Clinicians have long subdivided ALS into distinct motor phenotypes:
- **Classic** (limb-onset, mixed UMN/LMN)
- **Bulbar** (onset in speech/swallowing)
- **Flail arm** (proximal arm LMN-predominant)
- **Flail leg** (distal leg LMN-predominant)
- **Pyramidal/PLS** (UMN-predominant)
- **Progressive muscular atrophy (PMA)** (pure LMN)
- **Respiratory-onset**

**Prognostic differences are robust:**
| Phenotype | Survival | Evidence |
|-----------|----------|----------|
| Flail arm / flail leg | **Better** (more indolent, longer survival) | Wolf et al. (2014); Wei et al. (2018) |
| Bulbar / Classic / Respiratory | **Worse** (shorter survival, faster FVC decline) | Wolf et al. (2014) |
| Pyramidal / PLS | Most indolent (decades in some cases) | Meyer et al. (2025) |

**Molecular underpinnings:**
- Transcriptomic analysis of PBMCs from 48 sALS patients across 5 phenotypes (Classic, Bulbar, Flail Arm, Flail Leg, Pyramidal) found that **only one gene (Y3_RNA, a misc_RNA component of the Ro60 ribonucleoprotein)** was universally upregulated; most differentially expressed genes were **phenotype-specific** (Dragoni et al., 2025).

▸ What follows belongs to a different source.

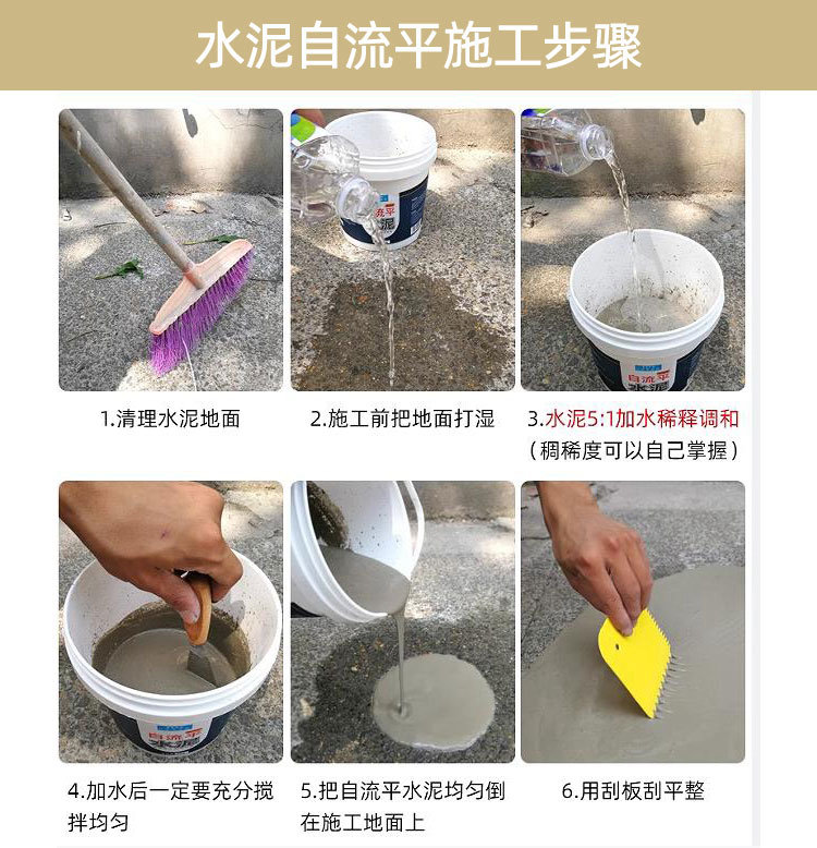 Le ciment autonivelant est un matériau en poudre de type mixte composé d’une variété de matériaux, qui peut être utilisé en mélangeant de l’eau sur place. Après un léger dépliage du grattoir, il est possible d’obtenir une surface de base plane et élevée. La vitesse de durcissement est rapide et peut être piétinée après 24 heures, et les travaux de suivi (tels que le pavage, les panneaux de diamant, etc.) peuvent être poursuivis après 3 jours, car si le sol n’est pas sec et durci. Aller au sol fera gonfler le sol en raison de l’humidité, et la construction est rapide et facile à utiliser, ce qui est incomparable au nivellement manuel traditionnel.

**OPM consensus classification (2025):**
A new three-determinant anatomical classification (Onset × Propagation × Motor-neuron dysfunction) standardizes phenotype assignment for clinical trials.

**Trial tractability:** ⭐⭐⭐ Moderate. Phenotypes are easy to classify clinically but represent downstream manifestations, not upstream etiologic splits. Trials have historically shown benefits only when phenotype interacts with mechanism (e.g., NIV has greatest survival benefit in bulbar-onset ALS; Berlowitz et al., 2016).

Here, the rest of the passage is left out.